Which means a movie will end "when it's over," he said. The service is "a little Turner Classic movies, it's a little AMC and it's a little ME-TV in the way we present the films," Sabin said.

Films will often be presented in showcases, he said, such as female-oriented films on Saturday night and Westerns every morning "because that's a genre that isn't in most places."

"And every night in prime time, there will be an iconic movie or iconic movie star in the movie."

Films are from the Fox studios library, plus two other yet to be named studios.

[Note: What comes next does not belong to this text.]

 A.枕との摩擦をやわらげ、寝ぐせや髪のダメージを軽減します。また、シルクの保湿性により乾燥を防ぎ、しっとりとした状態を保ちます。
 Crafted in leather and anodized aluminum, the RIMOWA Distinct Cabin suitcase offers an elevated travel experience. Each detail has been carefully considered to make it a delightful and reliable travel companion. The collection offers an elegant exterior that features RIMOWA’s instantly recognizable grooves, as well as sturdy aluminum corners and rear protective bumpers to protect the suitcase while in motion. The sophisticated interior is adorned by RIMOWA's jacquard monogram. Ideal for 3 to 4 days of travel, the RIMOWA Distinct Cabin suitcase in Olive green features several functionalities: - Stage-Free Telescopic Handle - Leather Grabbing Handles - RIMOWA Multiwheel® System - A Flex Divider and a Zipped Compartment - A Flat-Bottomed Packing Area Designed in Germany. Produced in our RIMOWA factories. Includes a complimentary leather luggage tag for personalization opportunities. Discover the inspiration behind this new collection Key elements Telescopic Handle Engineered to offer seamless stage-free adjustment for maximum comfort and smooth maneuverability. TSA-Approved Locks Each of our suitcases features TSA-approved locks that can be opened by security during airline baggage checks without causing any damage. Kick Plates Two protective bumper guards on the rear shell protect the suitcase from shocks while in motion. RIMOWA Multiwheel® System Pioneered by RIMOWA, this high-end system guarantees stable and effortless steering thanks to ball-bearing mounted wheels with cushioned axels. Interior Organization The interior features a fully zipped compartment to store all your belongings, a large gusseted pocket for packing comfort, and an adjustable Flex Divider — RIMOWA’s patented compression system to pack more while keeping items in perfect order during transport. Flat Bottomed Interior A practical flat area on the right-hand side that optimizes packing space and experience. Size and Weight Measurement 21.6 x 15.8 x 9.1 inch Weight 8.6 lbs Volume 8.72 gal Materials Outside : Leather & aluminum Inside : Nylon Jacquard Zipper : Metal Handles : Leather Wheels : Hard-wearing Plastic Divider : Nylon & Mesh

The first prime-time movies Monday will be "Silent Movie" (1976) and "High Anxiety" (1977), starring and directed by Mel Brooks. 
It's obvious both from reading press materials and from watch the station that despite the fact that it runs on Fox stations, shows Fox movies and is probably financed by Fox money, Movies! is very much a Weigel operation and it shares the underlying philosophy that have made ThisTV and METV so much fun:

Try to find something good. Failing that, find something interesting. Failing that, find something different.

The big difference between Movies! (yeah, I'm getting tired of the exclamation mark too) and the earlier Weigel efforts, particularly the otherwise similar ThsTV is budget. Though ThisTV found a number of creative ways of working around a lack of resources, sometimes even making a virtue out of their limitations (such as their Tarantinoesque art-house/grind-house vibe), but there are obviously some programming choices that the channel wouldn't make if they had the option of showing something better. Movies! is Weigel operating largely without financial constraints. 

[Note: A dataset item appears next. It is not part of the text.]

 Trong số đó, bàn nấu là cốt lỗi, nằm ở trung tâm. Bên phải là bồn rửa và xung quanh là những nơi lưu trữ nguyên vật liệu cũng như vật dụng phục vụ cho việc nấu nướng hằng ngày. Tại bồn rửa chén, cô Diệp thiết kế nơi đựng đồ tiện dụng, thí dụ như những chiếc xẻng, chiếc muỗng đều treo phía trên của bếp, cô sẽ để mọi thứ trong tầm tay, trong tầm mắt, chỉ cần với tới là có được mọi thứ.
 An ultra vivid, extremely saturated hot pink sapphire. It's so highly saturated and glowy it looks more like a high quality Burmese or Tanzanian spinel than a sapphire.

Turner Classic Movies was the reason I went over to rabbit ears in the first place, or, more precisely, it was the last straw. I'd been growing increasingly pissed off with cable for years, the inconvenience of installation (I moved frequently), the poor customer service, the opaque pricing and bait-and-switch offers, the failure to improve value even though viewing alternatives (online and DVD) were constantly getting better. I kept telling myself, next time I move I'm going to get my TV online and over the air but what finally tipped the scale was when my provider bumped TCM to a more expensive tier. After that, I looked at my cable listings and asked myself "what am I getting here that I can't get online or via DVD? The answer was "not much."

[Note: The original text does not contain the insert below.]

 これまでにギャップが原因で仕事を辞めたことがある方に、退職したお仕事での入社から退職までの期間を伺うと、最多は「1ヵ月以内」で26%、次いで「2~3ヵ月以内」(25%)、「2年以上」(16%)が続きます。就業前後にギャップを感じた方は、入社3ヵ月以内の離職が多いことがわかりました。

TCM remains the gold standard for movie people, but Movies! pulls off a surprisingly respectable second. It can't match Turner's commercial-free format (though twelve minutes an hour is quite reasonable) or catalog, but they do have a good catalog and they do dig deep enough to present an interesting cross-section. This week, which is fairly representative, features films ranging from Lawrence of Arabia to Mothra, recognized classics like John Ford's Rio Grande, interesting oddities like Elvis Presley's two best reviewed dramatic films (one directed by Don Siegel, the other written by Clifford Odets), notable work by stars like Clark Gable, Dick Van Dyke, Janet Leigh, Burt Lancaster, Peter Lorre, Gary Cooper, Rita Hayworth, William Holden, Richard Widmark, Richard Boone, Sean Connery, Richard Harris, James Coburn, James Caan, Charles Bronson and others, loads of effective little genre pictures and guilty pleasures like the Zatoichi remake Blind Fury, Ray Harryhausen's creatures in Mysterious Island and the Grand Guignol of Hush, Hush, Sweet Charlotte.

Movies! and the other terrestrial superstations raise some interesting business and media questions but those can wait till later. For now I just want to say that, speaking as someone who has wasted a big chunk of his life watching TV, even if you gave me unlimited cable, I'd still keep a set of rabbit ears around for the Weigel channels. Like TCM and Cartoon Network, they show what happens when you hand television over to smart people who love the medium.